INFLUENCE OF MEDIA ETHICS IN NEWS GATHERING AND DISSEMINATION
CHAPTER ONE
Introduction
Background To Study
Every profession has its own ethics that guides the practitioners. Journalism profession is not excepted as it has certain cannot that the professionals are expected to abide with. Journalism entails a high degree of public trust. To earn and maintain this trust, it is morally imperative for every journalist and every news medium to observe the highest professional and ethical standards. Truth is considered to be the cornerstone of journalism and every journalist should strive diligently to ascertain the truth of every event. In order to achieve this, Journalists are expected to be objective in their report. Objectivity therefore is the state of being objective. According to Ewuola (2002) objectivity in news dissemination is reporting the facts of a news event without distortion that comes from the personal feelings or prejudices of the reporter.

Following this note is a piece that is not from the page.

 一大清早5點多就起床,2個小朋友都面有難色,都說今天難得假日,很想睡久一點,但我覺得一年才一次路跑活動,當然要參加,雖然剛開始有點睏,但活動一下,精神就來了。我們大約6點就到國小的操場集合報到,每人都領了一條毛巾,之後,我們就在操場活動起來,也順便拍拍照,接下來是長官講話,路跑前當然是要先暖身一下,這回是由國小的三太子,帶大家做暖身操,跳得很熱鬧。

This proves that objectivity revolves around dealing with actuality and reality in a news story rather than personal felling and beliefs. It is ability of a reporter to be fair in his news reporting.
Okoye (2007, p.152) asserts that;
In the original objectivity required that the journalist kept himself out of his report by not injecting his emotion, personal opinion and bias into the news report. Presenting all sides of an issue fairly, honestly and impartially, and allowing the audience to judge
The above reveals that reporters (broadcasters) job is to tell personal opinion. Tell the truth and let the facts fall anywhere. Commenting on objectivity Highton (2003, p. 104) posits that, good broadcasters for good media seek the facts for a story while bad broadcasters for bad media seek facts to support a preconceived idea of what the story should be”.

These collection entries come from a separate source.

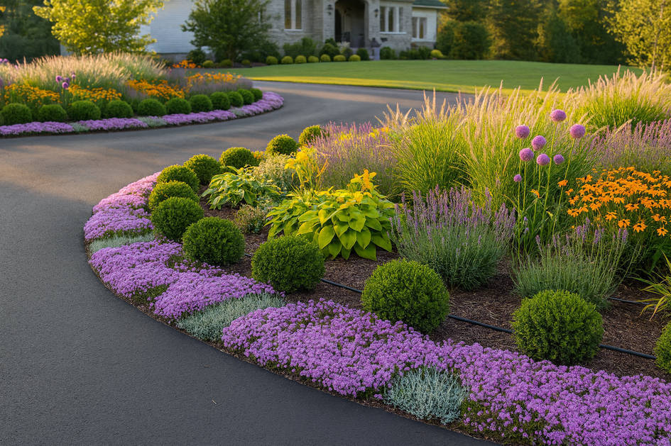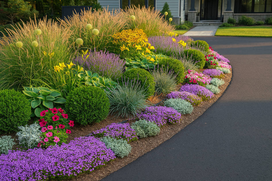 Tuck a few quick-change annuals, petunias, calibrachoa, or dusty miller, into open pockets for instant splash while perennials root in. Mulch with fine bark to lock moisture, then run drip tubing under foliage so watering stays hands-off. The result: a layered, drought-tough border that cuts mowing time, feeds pollinators, and frames the driveway with living color all year.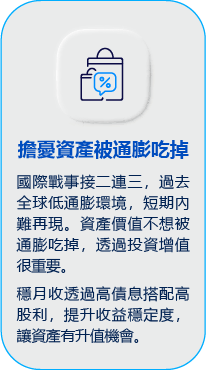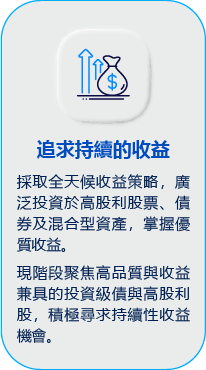 現階段透過投資債券為主、高息股票為輔的投資組合來實現收益。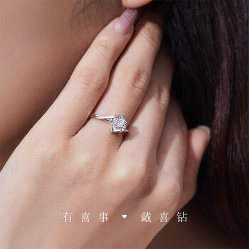 喜钻生日礼物铂金天使之吻活口可调节钻戒结婚求婚钻石戒指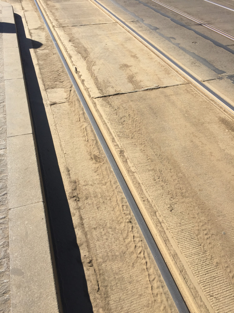U tramvajové zastávky Orionka (směr Flora) jsou panely s kolejemi pokryté silnou vrstvou jemného písku po celé délce. Projíždějící auta a zejména tiráky zajíždějící do kulisárny písek zvíří. Není to parodostné pro dýchání a ani oblečení čekajících cestujících.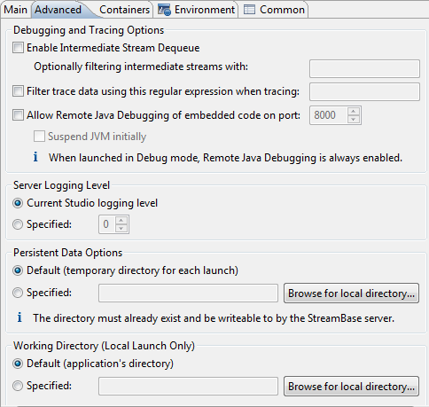 --datadirwhen running sbd from the command line. Use the default or specify an existing directory, accessible to and writable by StreamBase Server. - Working Directory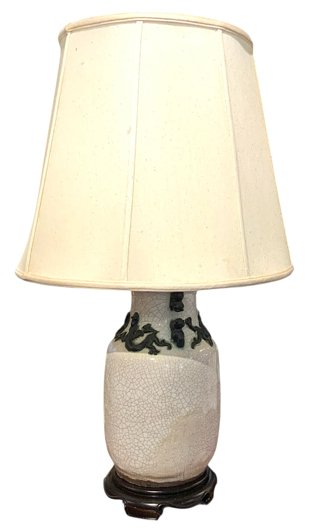 Lamp, Craquelure, Black Salamander Design, Ceramic, Wood Base, (1 of 2 Consigned), 18"wx33"h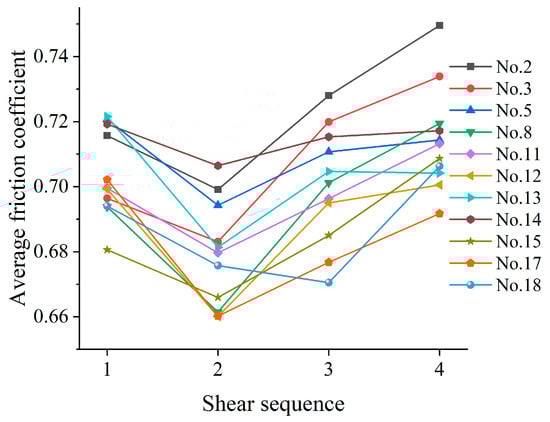 The change in roughness was accompanied by the change in the shear strength of the fracture surface during the test. As in Figure 18, the trend of the average friction coefficient in the sliding stage of several specimens is given. It can be seen that the average friction coefficient as a whole shows a pattern of decreasing and then increasing. For the change in roughness perpendicular to the shear direction, if it is correlated with the change in the friction coefficient, then it is logical that the average coefficient of friction should also increase with the increase in the normal force. However, according to Table 2 and Figure 18, no relationship between the average friction coefficient and the normal force can be found. For the roughness parallel to the shear direction, it does not change significantly with both normal force and loading rate, and increases with the number of shears. Compared with the initial ‘smooth’ flat fracture surface, the formation of ‘dents’ parallel to the shear direction reduces the contact area of the fracture surface, leading to a relative decrease in strength; however, as the ‘dents’ become deeper, the contact area gradually increases, leading to a continuous increase in shear strength. This statement reasonably explains the change in the average friction coefficient.

This is an indication that journalists (broadcasters) should not allow a preconceived idea to tailor the way story is written. Personal sentiment or idiousyracies should be avoided while reporting.
In fact, non-objective reporting is not a good journalism in the sense that it centre on subjective ideas. Schudson (2001, p. 126) while commenting on journalist being objective says that “objectivity hinges on separating independently verifiable facts from subjective value”.
To large extent reporters should minimize their own attitude, opinion or involvement in their stories. Impartiality and neutrality in news coverage and dissemination should be the cornerstone of professional broadcasters.
The objective non guides journalists to separate facts from values and to report only the facts. Objective reporting is supposed to be cool, rather than emotional in tone. Objective reporting takes pains to represent fairly each leading side in a political controversy. (Schtudson, 2001, p. 150).
According to the objectivity norm, the journalist job consists of reporting something called news, without commenting on it, slauting its formulation in any way.
Broadcast journalists in UK have a statutory requirement to be objective. According to the BBC objectivity entails “a mixture of accuracy, balance, context, distance, even handedness, fairness, impartiality, open mindedness, rigour and truth”. Objectivity implies that all sides to an issue are presented to the audience and reporter is obliged to present facts fairly and fully.
Schneider (1984) perceived objectivity views report items as one that separate opinion and news, sticks to the facts it does not change, suppress or report as a favour and each item contain a minimum of balance.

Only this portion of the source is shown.